Stoney’s subsequent testimony against the five defendants was critical to the prosecution. As Court TV reported, “Stoney was also the only witness to describe a weapon — a brown-handled kitchen knife –in the hands of one of the defendants, although he could not remember who held the blade then threw it away.”

But later in the trial, Robin Shellow, attorney for the defendants, told the court that it was Stoney and his out-of-state colleagues who committed the crime:

Defense lawyers told jurors Tuesday that the five campaign workers were innocent and that their party’s “professional political operatives” actually damaged the tires and then pointed police in the direction of the defendants.
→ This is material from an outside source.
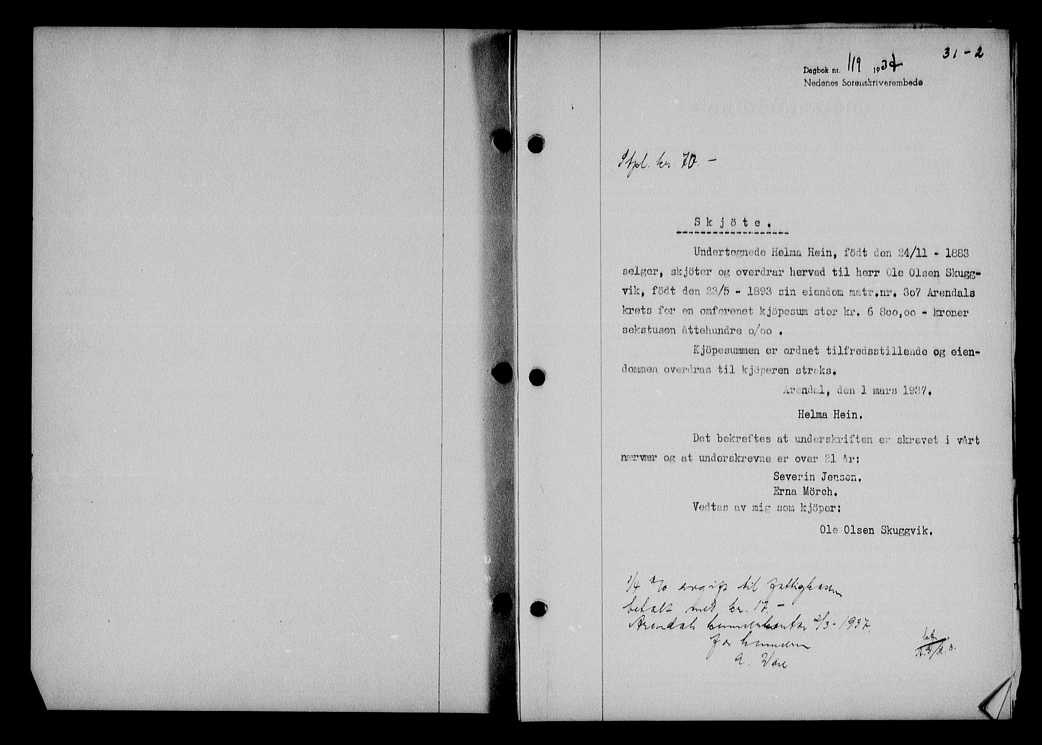 no. 31 /1937 - 1938Aust-Agder county Arendal city jud. dist. -Deed registrationPledge booksPropertyState archivesJudges and clerks

“Like troop movements in a war, these people came to Wisconsin as it became apparent that Wisconsin was in play,” attorney Robin Shellow said. “These are people who stepped over the line and now, because of what they do for a living, they blame our clients.”
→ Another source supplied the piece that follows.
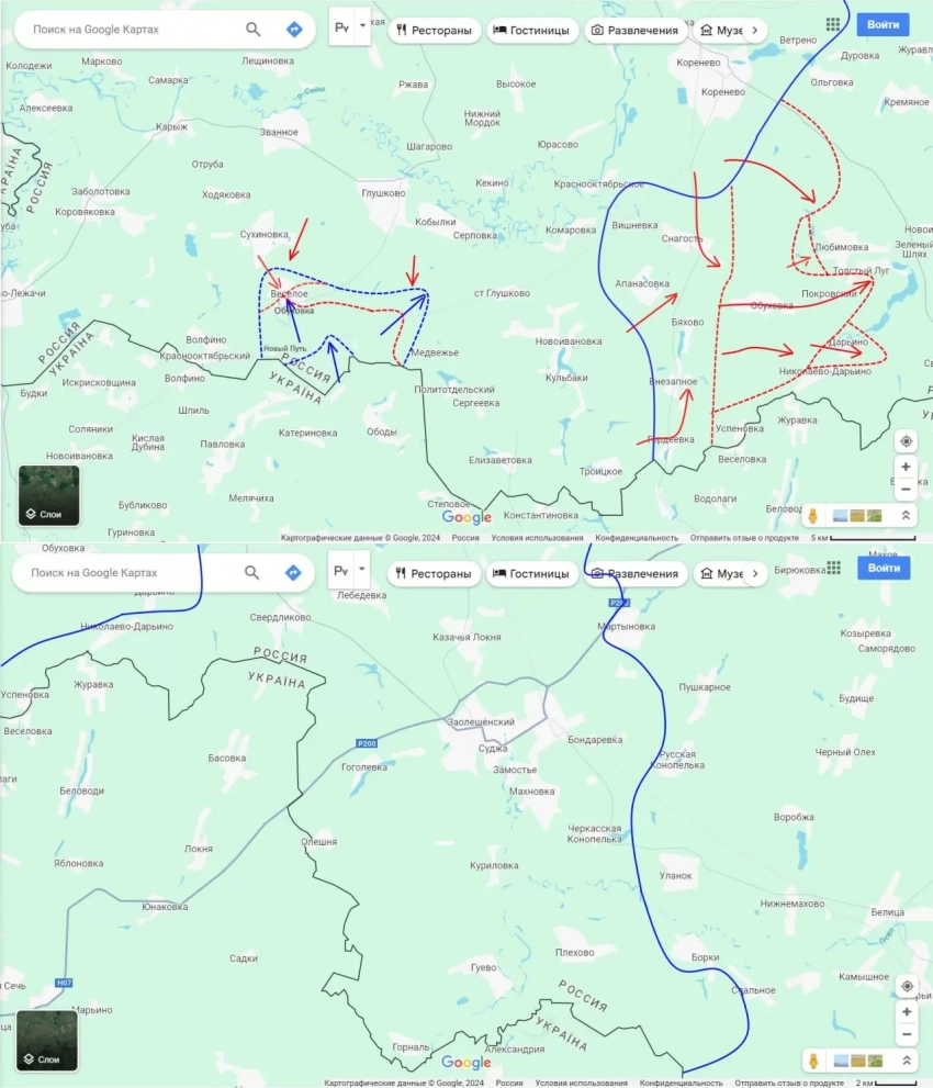 По Глушковскому району Курской области поступает противоречивая информация. Точно известно, что ВСУ уже несколько дней пытаются прорваться через госграницу Российской Федерации в районе населённых пунктов Новый Путь (по направлению к Весёлому) и в районе Медвежьего (по направлению к посёлку железнодорожной станции Глушково).

The Washington Post reported on January 21, 2006 that four of the five defendants pled “no contest” to misdemeanor charges, while one was acquitted:

Four Democratic presidential campaign workers pleaded no contest to charges that they punctured the tires of 25 vehicles Republicans had intended to use to get out the vote on Election Day 2004. Those agreeing to the misdemeanor plea were Sowande A. Omokunde, son of Rep. Gwen Moore (D-Wis.); Michael Pratt, son of former acting Milwaukee mayor Marvin Pratt; and Lewis Caldwell and Lavelle Mohammad, both from Milwaukee. Justin Howell was acquitted.

Secretary of the Commonwealth is one of twelve cabinet level positions in the state government of Virginia. It pays $155,849 per year. Janet Vestal Kelly serves in that role currently in the administration of Republican Governor Bob McDonnell.
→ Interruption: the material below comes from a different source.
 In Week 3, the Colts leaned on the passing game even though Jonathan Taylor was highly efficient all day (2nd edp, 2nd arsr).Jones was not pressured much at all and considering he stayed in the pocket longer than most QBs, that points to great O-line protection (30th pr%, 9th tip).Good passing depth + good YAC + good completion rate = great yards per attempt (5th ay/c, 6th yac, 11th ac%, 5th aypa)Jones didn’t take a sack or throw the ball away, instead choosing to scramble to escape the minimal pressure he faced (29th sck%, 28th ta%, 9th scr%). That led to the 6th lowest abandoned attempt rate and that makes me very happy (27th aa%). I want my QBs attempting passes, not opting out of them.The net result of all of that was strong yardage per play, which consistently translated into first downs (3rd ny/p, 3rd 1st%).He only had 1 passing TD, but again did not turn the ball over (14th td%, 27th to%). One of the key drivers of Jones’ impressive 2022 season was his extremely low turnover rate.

The position is sometimes referred to as Secretary of the State, because the office has some of the responsibilities usually assigned to that position in many other states, such as registering businesses. However, unlike other Secretary of State positions, the Secretary of the Commonwealth does not oversee elections.

The full description of the duties of the Secretary of Commonwealth, according to the state of Virginia’s official website, says the Secretary is responsible for the following:

In addition to managing extraditions, clemency petitions, service of process, restoration of voting rights, pardons, authenticating foreign adoption documents, certifying notary publics, handling lobbyist registration, disclosures and conflict of interest filings, one of the key functions of our office is to assist the Governor in the appointments of over 4,000 individuals to serve on Virginia’s boards and commissions. All qualified and service-minded Virginians are encouraged to participate in the government of our Commonwealth by offering to serve on a board or commission, or by recommending qualified candidates.

The appointment of Stoney is but the first of many controversial personnel appointments expected to be made by McAuliffe.